### Problem to solve
Below are lines of records; copy exactly those from the one containing "向うに見えるコリウスとも お似合いです |" through the one containing "Tento praktický cestovní", leaving the pictures behind.

### The records
#####

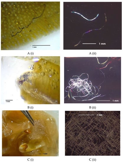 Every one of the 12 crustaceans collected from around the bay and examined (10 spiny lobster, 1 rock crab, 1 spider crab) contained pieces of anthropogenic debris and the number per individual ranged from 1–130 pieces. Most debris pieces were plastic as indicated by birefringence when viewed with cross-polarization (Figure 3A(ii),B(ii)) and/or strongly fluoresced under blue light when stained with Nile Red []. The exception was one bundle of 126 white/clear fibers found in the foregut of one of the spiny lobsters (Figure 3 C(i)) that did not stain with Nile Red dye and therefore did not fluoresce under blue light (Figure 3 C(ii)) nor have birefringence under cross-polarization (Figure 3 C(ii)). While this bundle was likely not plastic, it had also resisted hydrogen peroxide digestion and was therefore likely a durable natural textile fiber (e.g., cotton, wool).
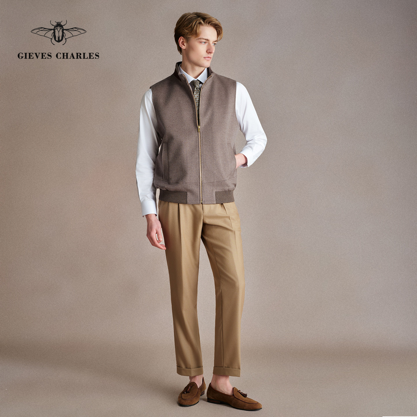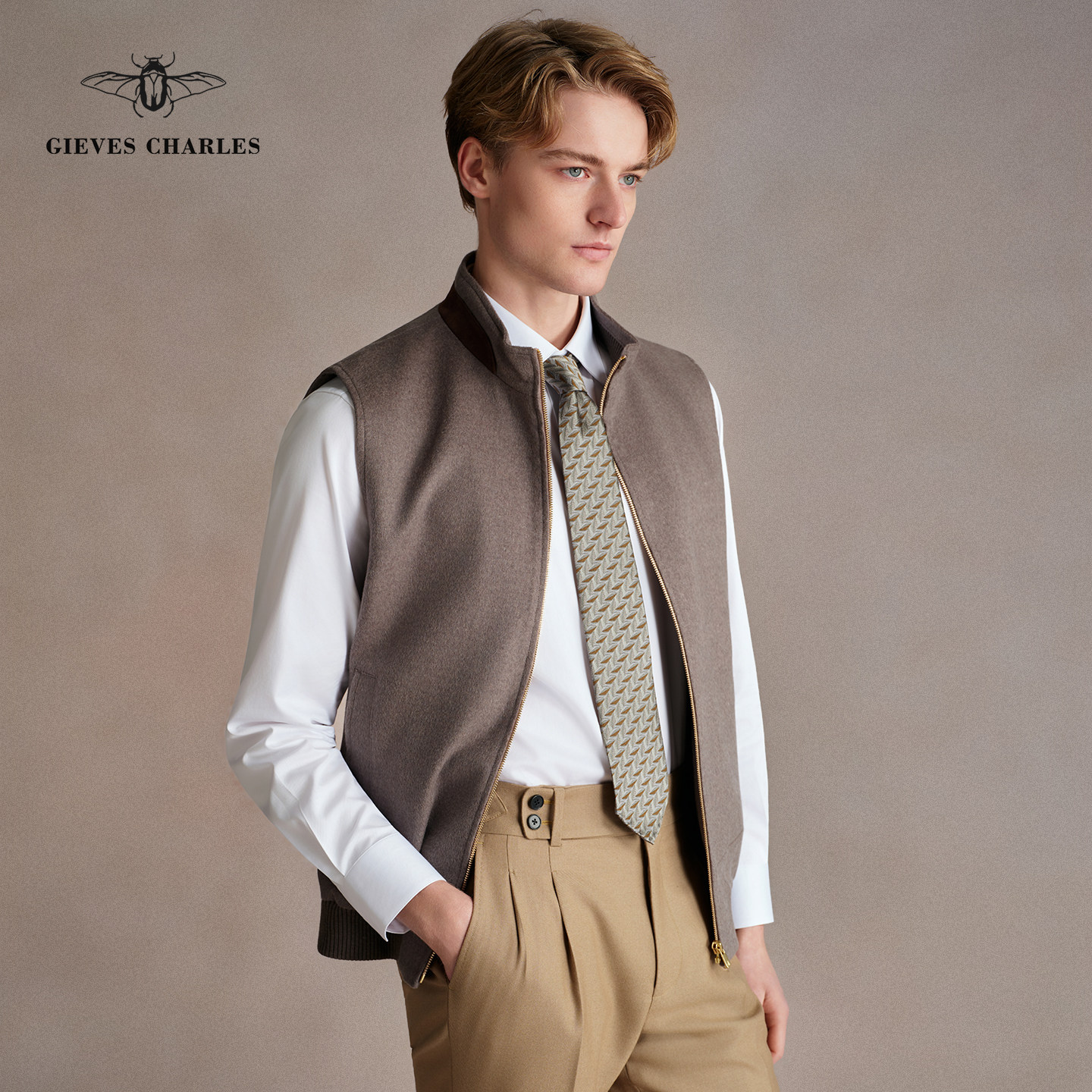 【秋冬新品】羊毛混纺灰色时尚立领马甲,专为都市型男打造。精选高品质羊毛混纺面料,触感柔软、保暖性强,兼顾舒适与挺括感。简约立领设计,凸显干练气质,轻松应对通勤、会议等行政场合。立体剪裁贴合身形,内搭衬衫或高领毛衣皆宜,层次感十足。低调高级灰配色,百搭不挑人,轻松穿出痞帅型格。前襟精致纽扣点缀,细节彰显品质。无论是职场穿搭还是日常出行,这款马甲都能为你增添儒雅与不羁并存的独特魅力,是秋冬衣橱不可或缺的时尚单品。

#####

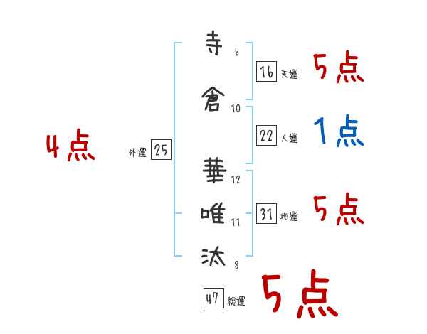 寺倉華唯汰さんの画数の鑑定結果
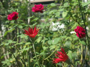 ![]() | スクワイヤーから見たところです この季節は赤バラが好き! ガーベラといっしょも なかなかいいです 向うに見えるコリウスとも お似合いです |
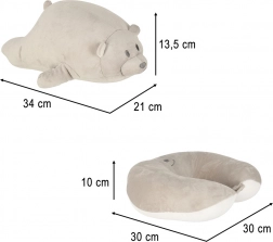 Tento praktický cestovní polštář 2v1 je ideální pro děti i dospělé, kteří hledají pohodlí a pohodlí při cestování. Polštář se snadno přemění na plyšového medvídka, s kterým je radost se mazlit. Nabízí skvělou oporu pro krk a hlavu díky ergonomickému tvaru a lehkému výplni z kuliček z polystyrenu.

#####

### Output below
 ![]() | スクワイヤーから見たところです この季節は赤バラが好き! ガーベラといっしょも なかなかいいです 向うに見えるコリウスとも お似合いです |
 Tento praktický cestovní polštář 2v1 je ideální pro děti i dospělé, kteří hledají pohodlí a pohodlí při cestování. Polštář se snadno přemění na plyšového medvídka, s kterým je radost se mazlit. Nabízí skvělou oporu pro krk a hlavu díky ergonomickému tvaru a lehkému výplni z kuliček z polystyrenu.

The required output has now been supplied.